The regular log contains the date and time, the server thread ID, the event type, and the columns for the specific event information.
The same session appears in the update log as follows:

For update logs, the extended format of the log is available, even with the--log-long-format option. The extended log provides information about who will publish the query. Of course, this will use more disk space, but if you do not associate the contents of the update log with the connection events in the regular log, you want to know who is doing what, the extended log may be available.
For the session just shown, the extended log produces the following information:

It is a good note to ensure that the log files are secure and are not read by the user arbitrarily. Both the regular and update logs contain sensitive information such as passwords because they contain the text of the query. The following is a log entry that you do not want anyone to be able to read because it displays the password of the root user:

For information on checking to set permissions for data directories, see Chapter 12th. The short instructions for Data Directory security consist of the following commands:
% chmod DataDir
Run this command with the identity of the UNIX user who owns the data directory. Also make sure that the server is running as that user, otherwise this command will not only exclude other users from the data directory (you want), but will also prevent the server from accessing your database (you do not).
Status files appear at the highest level of the data directory, just like the database directory, so you might think about whether the names of those files are confusing or mistaken for database names (for example, when the server is executing the s H O W database statement). The answer is: No. State and log information is stored in a file, and the database is a directory, so the executable program can distinguish them from a simple stat (the server tells them how to differentiate).
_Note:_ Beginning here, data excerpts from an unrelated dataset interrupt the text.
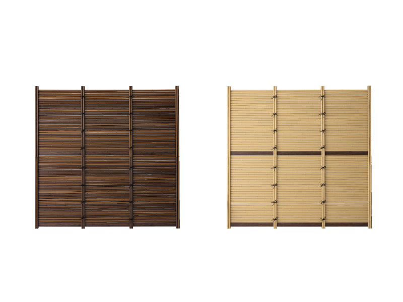 耐候性に優れた人工丸竹を使ったユニット。カラーバリエーションにも優れており、骨組み、丸竹、バンロープなど全て組み立て済みで、施工が簡単なユニット。規格サイズはH900/H1200/H1500/H1800/H2200。柱別売。
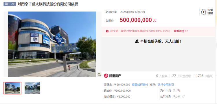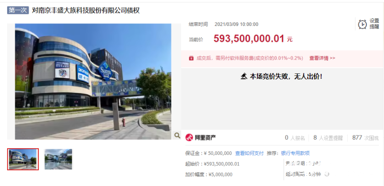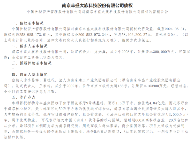 7月25日,现代快报记者从阿里资产交易网上了解到,位于雨花客厅E-park商场南区的9号楼将被处置。相关网页显示,中国长城资产管理股份有限公司拟对南京丰盛大族科技股份有限公司债权进行处置,截至2024年5月31日,债权总额约2.59亿元,其中债权本金超2亿元,利息0.58亿元。这笔债权的抵押物为丰盛集团旗下位于雨花客厅E-park商场南区的9号楼,面积1.5万㎡,估值达4.04亿元。现在2.59亿元处置,相当于打6折。
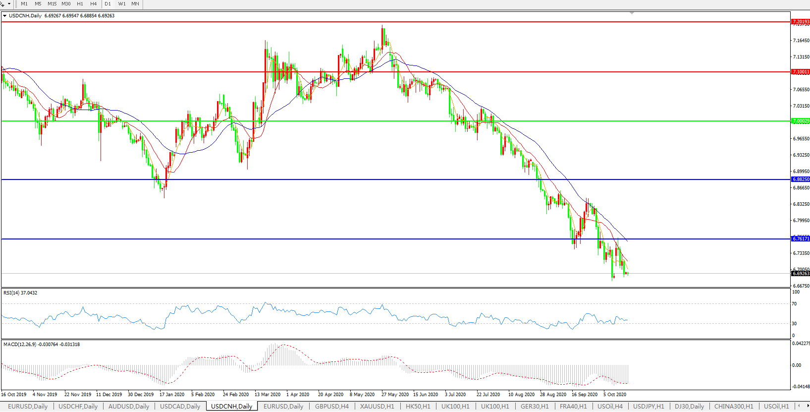 美元兑人民币USDCNH    日线图:
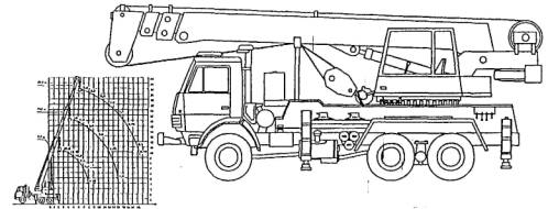 Автокран КС-55713-4 (шасси КАМАЗ-53228 6×6)Кран автомобильный КС-55713-4 грузоподъемностью 25 тонн предназначен для погрузочно-разгрузочных и строительно-монтажных работ на рассредоточенных объектах, в том числе и находящихся в труднодоступных местах с плохими подъездными путями. Крановая установка смонтирована на полноприводном шасси автомобиля КамАЗ-53228 с блокируемым межосевым дифференциалом, межколесной блокировкой и стабилизаторами поперечной устойчивости. Привод крановой установки - гидравлический от двух аксиально-поршневых гидронасосов. Гидравлическая система позволяет легко и плавно осуществлять управление крановыми механизмами и выносными опорами в широком диапазоне регулирования скоростей рабочих операций. Трехсекционная телескопическая стрела длиной 9,7-21,7 м обеспечивает компактность и маневренность крана при переездах, обширную зону и большую высоту подъема груза при работе. Для увеличения высоты подъема крюка и размера подстрелового пространства кран может комплектоваться решетчатым гуськом длиной 9 м, который крепится на оголовке стрелы. Система телескопирования стрелы включает в себя два гидроцилиндра выдвижения, благодаря чему обеспечивается независимость управления выдвижением-втягиванием каждой из двух подвижных секций. Возможность телескопирования стрелы с грузом на крюке позволяет крану устанавливать грузы в труднодоступных местах, пронося их среди смонтированных конструкций. Безопасную работу крана обеспечивает комплекс приборов и устройств, в том числе микропроцессорный ограничитель нагрузки с цифровой индикацией параметров на дисплее в кабине машиниста. Ограничитель нагрузки может работать в режиме координатной защиты крана и имеет встроенный прибор фиксации характеристик - «черный ящик». Спецификация Модель.............................................................КС-55713-4 Грузоподъемность максимальная, т / вылет, м.....25/3,2 Максимальный грузовой момент, т/м..........................80 Максимальная высота подъема крюка, м с основной стрелой 21,7 м..........................................21,9 с основной стрелой 21,7 м и гуськом 9 м..................30,0 Максимальная глубина опускания крюка стрелой 9,7 м..................................................до 12 Длина стрелы, м....................................................9,7-21,7 Длина гуська, м................................................................9 Скорость подъема-опускания груза, м/мин максимальная (кратность полиспаста 1).....................96 номинальная........(кратность полиспаста 8).................6 Скорость выдвижения-втягивания секций стрелы, м/мин......................................................3 Средняя скорость изменения вылета, м/мин............18,2 Скорость посадки груза, м/мин...................................0,3 Частота вращения поворотной части, об/мин........до 1,4 Скорость передвижения крана, км/час....................до 75 Масса крана в транспортном положении, т..............21,2 Размер опорного контура вдоль ´ поперек оси шасси, м....................................4,2´5,6 Габариты крана в транспортном положении, м длина-ширина-высота..................................12´2,5´3,7 Температура эксплуатации, °С........................от -40 до +40 Базовое шасси: Модель...................................................КАМАЗ-53228 Двигатель: Модель.................................................................7403 (740.11) Тип..............................................дизельный с турбонаддувом Максимальная мощность, л.с.(кВт), при 2600 (2200)об/мин............................260 (191), 240 (176) Изготовитель: ОАО «Галичский автокрановый завод» г.Галич

If you are monitoring the data directory, you can distinguish the state file from the database directory by using LS-L, and check the first character of the schema information to see if it is '-' or ' d ':

You can also simply tell by looking at the name: All status filenames contain a period, but the database directory name has no period (the period is not the legal character of the database name).
For information about log file maintenance and looping techniques, see the contents of chapter 11th.